The single-stranded nucleic acid D has any nucleobase at the position in the nucleic acid D where the base complementary to the artificial base represented by the above formula I in the single-stranded nucleic acid C should be located. You may,
The single-stranded nucleic acid D is a position adjacent to the 3 ′ end side of the position in the nucleic acid D where the base complementary to the artificial base represented by the above formula I in the single-stranded nucleic acid C is to be located. A single-stranded nucleic acid group for producing nucleic acid nanowires, having a nucleobase having a pyrimidine ring as the base. In the single-stranded nucleic acid group described in claim 1,
z is 1,
The first single-stranded nucleic acid M ₁ is a single-stranded nucleic acid E;
5 'end side nucleotide sequence m _1a is, 5' a base sequence r _a distal,
3 'end side nucleotide sequence m _2a is 3' to a nucleotide sequence r _b distal,

5 consists 'end of the nucleotide sequence r _a and 3' single-stranded nucleic acid E consisting of a base sequence r _b distal,

In single-stranded nucleic acid E,
Sequences 'from end 3' 5 of the base sequence r _a to end, the sequence of 'from end 5' 3 base sequence r _b to the terminal a nucleotide sequence complementary,

Single-stranded nucleic acid E as the base moiety of the nucleobase of at least one location in the nucleotide sequence r _a, the following formula I:

(In the formula I, Ra is a cyano group, an amide group, a carboxyl group, a C2-C7 alkoxycarbonyl group, or hydrogen;
R1 and R2 are each independently a cyano group, an amide group, a carboxyl group, a C2-C7 alkoxycarbonyl group, or hydrogen;
N- represents a monovalent group of N. )

Having an artificial base represented by
Single-stranded nucleic acid E as at least one portion of the nucleic acid bases in the base sequence r _b, has an artificial base represented by the formula I,

The single-stranded nucleic acid E has any nucleobase at the position in the nucleic acid E where the base complementary to the artificial base represented by the above formula I in the single-stranded nucleic acid E should be located. You may,
The single-stranded nucleic acid E is a position adjacent to the 3 ′ end side of the position in the nucleic acid E in which the base complementary to the artificial base represented by the above formula I in the single-stranded nucleic acid E is to be located. A single-stranded nucleic acid group for producing nucleic acid nanowires, having a nucleobase having a pyrimidine ring as the base.   The single-stranded nucleic acid group for nucleic acid nanowire production according to claim 1, wherein z is an integer of 1 to 6.   The single-stranded nucleic acid group for producing nucleic acid nanowires according to any one of claims 1 to 5, wherein the single-stranded nucleic acid has a length of 12 to 120 bases. A single-stranded nucleic acid group for producing nucleic acid nanowires according to any one of claims 1 to 6, which is hybridized to contain a single-stranded nucleic acid contained in the single-stranded nucleic acid group as a monomer.

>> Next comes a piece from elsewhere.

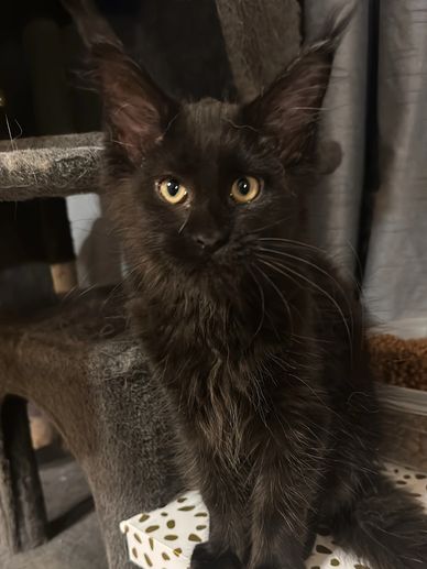 Mojo is the life of the party here at Dashing Coons, and her playful, curious nature keeps us endlessly entertained! Always wanting to be in the middle of the action, Mojo loves exploring every corner, "helping" with chores, and ensuring she’s involved in whatever her humans are up to. Despite her mischievous streak, Mojo has a loving, affectionate side and adores snuggling with her favorite people—especially her 93-year-old grandpa, who she has a special bond with.

Preparing a nucleic acid multimer;
Irradiating the prepared double-stranded nucleic acid multimer with light to form a photocrosslink between the hybridized single-stranded nucleic acid molecules to obtain nucleic acid nanowires;
A method for producing nucleic acid nanowires, comprising:   The manufacturing method according to claim 7, wherein the light irradiation is light irradiation including a wavelength of 366 nm.   The production method according to claim 7, wherein the light irradiation is light irradiation for 0.01 to 30 seconds.   The manufacturing method in any one of Claims 7-9 with which light irradiation is performed at the temperature of the range of 0-30 degreeC.   The production according to any one of claims 7 to 10, wherein the hybridization includes a step of annealing at a cooling rate of 0.5 to 4 ° C / hour during cooling from at least 70 ° C to 30 ° C. Method.   The nucleic acid nanowire manufactured by the manufacturing method in any one of Claims 7-11.   A nucleic acid nanowire obtained by photocrosslinking a double-stranded nucleic acid multimer hybridized with the single-stranded nucleic acid group for nucleic acid nanowire production according to any one of claims 1 to 6.